Task commitment, yang notabene adalah motivasi instrinsik yang mengarahkan perilaku siswa akselerasi terhadap tugas-tugas akademiknya, menurut hasil penelitian dari Liu (2010) bahwa selain self concept secara keseluruhan, academic self concept juga memiliki korelasi yang positif terhadap motivasi belajar pada siswa. Berdasarkan hal tersebut dapat dilihat bahwa ada keterkaitan antara berkembangnya perilaku task commitment yang dimiliki oleh siswa akselerasi. Hal tersebut juga didukung oleh hasil penelitian yang dikemukakan oleh Ahmed & Bruinsma (2006), dalam berkembangnya motivasi, hal tersebut secara signifikan dipengaruhi oleh self concept. Hal tersebut juga didukung oleh Gage & Berliner (1984) yang menyatakan bahwa untuk membantu siswa dalam menampilkan seluruh potensi yang dimiliki, maka siswa perlu memiliki konsep diri yang positif, khususnya konsep diri akademik.
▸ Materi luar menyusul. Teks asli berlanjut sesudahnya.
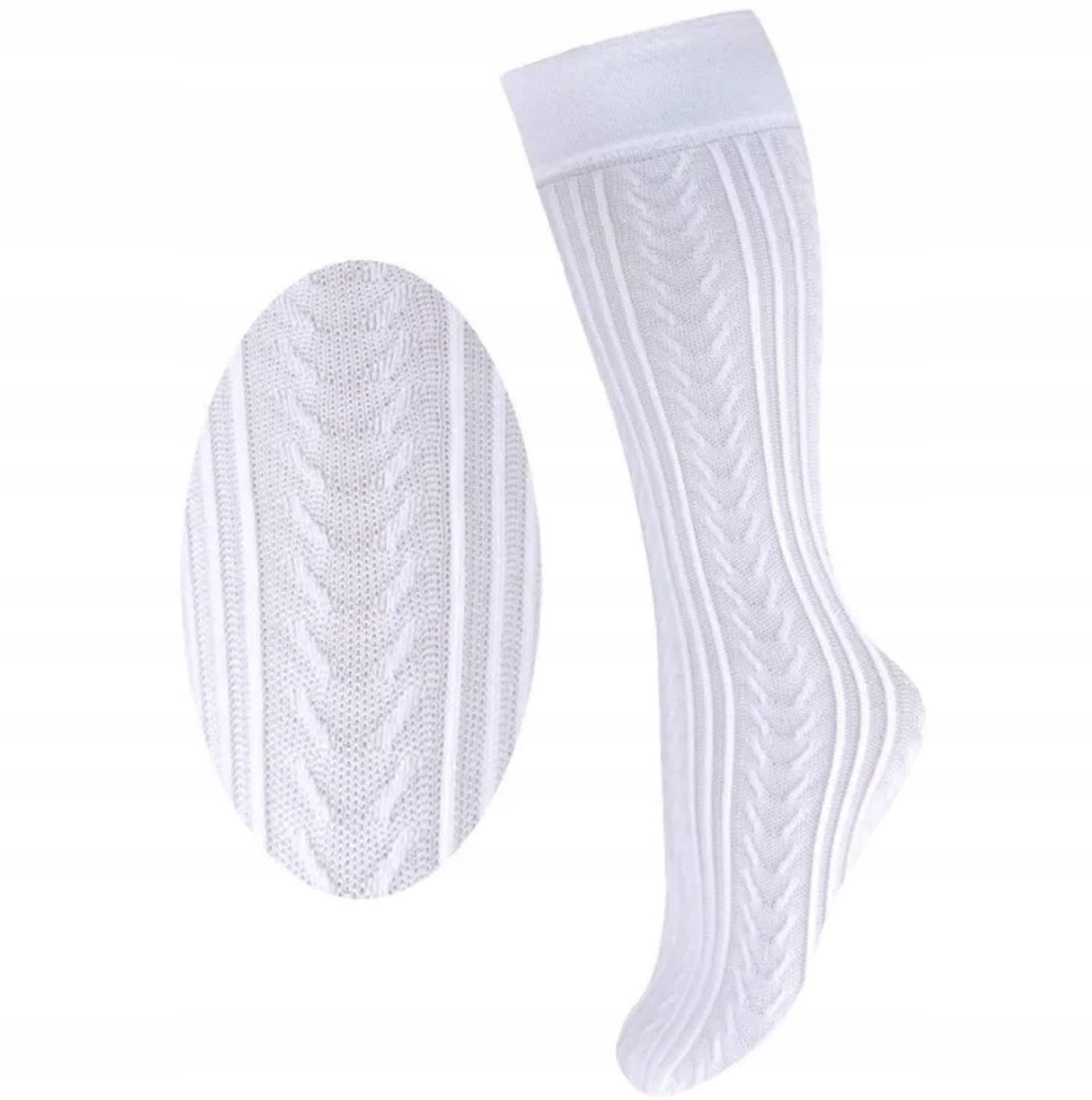 Podkolanówki Białe Mikrofibra 3 D Milusie wzór Jodełka
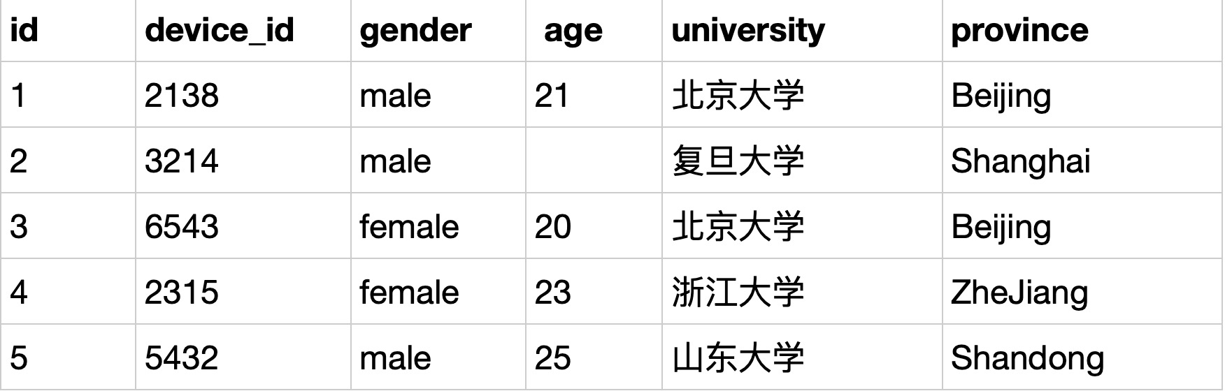 现在运营只需要查看前2个用户明细设备ID数据,请你从用户信息表 user_profile 中取出相应结果。
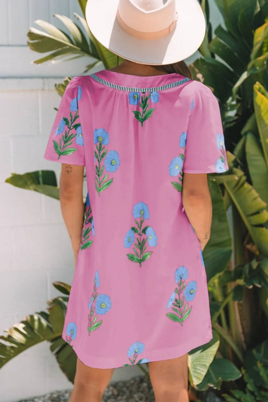 Slit Printed V-Neck Long Sleeve Midi Dress

Sedangkan menurut Renzulli (dalam Hawadi, 2002), untuk menampilkan potensi bagi siswa berbakat diperlukan task commitment pada diri siswa. Maka, berdasarkan hal tersebut dapat diasumsikan bahwa antara task commitment dan self concept memiliki keterkaitan satu sama lain. Melalui paparan di atas, peneliti menjadi tertarik untuk melihat sejauh mana hubungan antara academic self concept siswa SMA program akselerasi dengan task commitment mereka.

2.5.Hipotesis Penelitian Berdasarkan penjelasan di atas, maka penulis mengajukan hipotesis sebagai ada hubungan antara academic self concept dengan task commitment pada siswa SMA program akselerasi.